There are hundreds of stories just like this in every classroom in every school. But we are so busy with fake initiatives we rarely have time to ask students about the multiple realities playing out their lives: divorce, poverty, hunger, stress. If we all slowed down for a minute before getting angry with a student for taking a walk or putting her head down in class when she is supposed to be reading from the history textbook, we may really learn something.

Schools are a microcosm of our society. When we ignore the human element within our schools and replace it with made up bureaucracy and mandated ascendancies, we are ignoring who we are as people and the real circumstances impacting our lives.

If we truly want to educate, first we must discover the people we are and the stories that describe us.

2 Responses

  1. Matt

    I suppose that an alternative to such ‘bell to bell’ management would look something like the trivium or quadrivium from medieval/renaissance time, with modern delivery systems. Finding ways to provide students with convergent disciplines, which in essence may eliminate the need to firewall or transition the class to class, subject to subject, bell to bell mentality.

    As a long time student, I realized the Hegelian Theory long before I knew Hegel: Planned Change + Create Conflict + Force a Solution = Created real/unplanned problem with no solution. This principle is staple in public education, as well as much of ‘higher’ education.

    Another way to annihilate the antiquated ways of ‘bell to bell’ partitioning is by finding teachers whom are poly-specialists, i.e. those who have skilled backgrounds in more than one subject, and are able to teach those backgrounds into one bundle of time. Why have bells at all? So we simply shuffle students from one classroom pasture to another?

    Story telling should exist in all disciplines, incorporating them into our personal lives is even better, but coupling that with what we are learning in the moment is the best. Not only does current education sterilize personal understanding of disciplines, but it has sterilized much of the subjects themselves. There is no concern for application of subjects, because frankly, some subjects have no application outside of the classroom, the most clinical of all!
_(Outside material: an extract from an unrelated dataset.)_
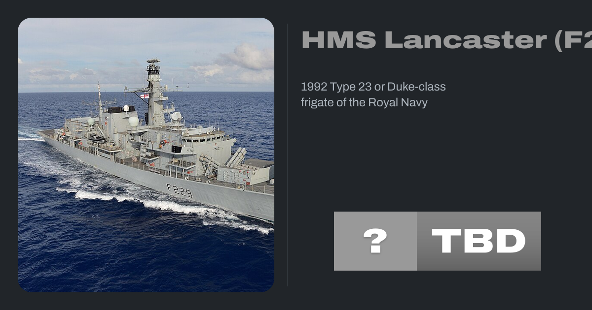 HMS Lancaster was a Duke-class Type 23 frigate of the Royal Navy, launched by Queen Elizabeth II on 24 May 1990. The ship was known as "The Queen's Frigate", the Duke of Lancaster being a subsidiary title of the Sovereign. Being the third ship in the Type 23 class, Lancaster was originally allocated the pennant number F232 until it was noted...
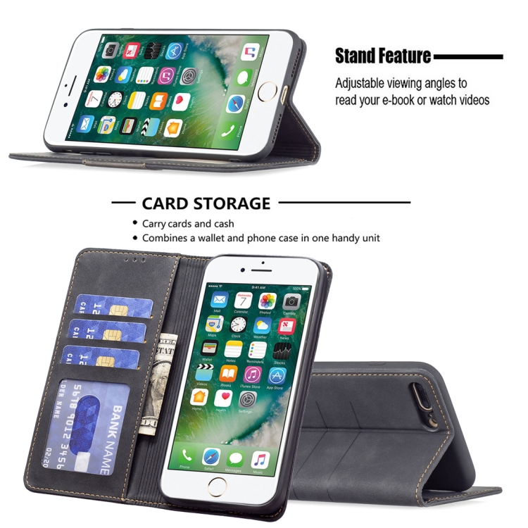 Funda para teléfono Cuero magnético Empalme iPhone 8 Plus / 7 Plus (Negro)

Re-networking school with the real world is paramount. To ‘de-academic’ the academic world is a must.

    Reply
    • Kathleen Jasper

      Hi Matt,

      So glad you are here, reading and commenting. You bring up several important points. First, really we are using the trivium and quadrivium now without the modern delivery system. There are seven subjects a day based on skills and subjects students are uninterested in learning: math (algebra, geometry, calculus, etc.), science, history, language arts, reading, writing, and art or some other elective. The model has not changed since the renaissance period. And although I believe the renaissance period to be very important, we need to modify this delivery method of instruction.

      We do have poly-specialists, especially in high school where many teachers are career changers – they entered teaching after starting in a career somewhere else. However, those poly-specialties are wasted because there is no time to tap into that resource with all of the running around and testing going on.

      And I ask the same question you ask, why have bells at all? It is strange that we have evolved in so many areas; however in public education, we are still holding on to archaic practices.

      Finally, maybe some of our core subjects should include ways to navigate life’s hard realities. Currently, life training consists of a few sayings on a teacher’s wall like, “Life Isn’t Fair; Get Over It” and “Shoot for the Moon and You’ll Reach a Star”. It’s completely useless. However if we can show kids how to use meditation or visualization or even breathing to navigate some of the tough situations in life, we may get closer to building a better society.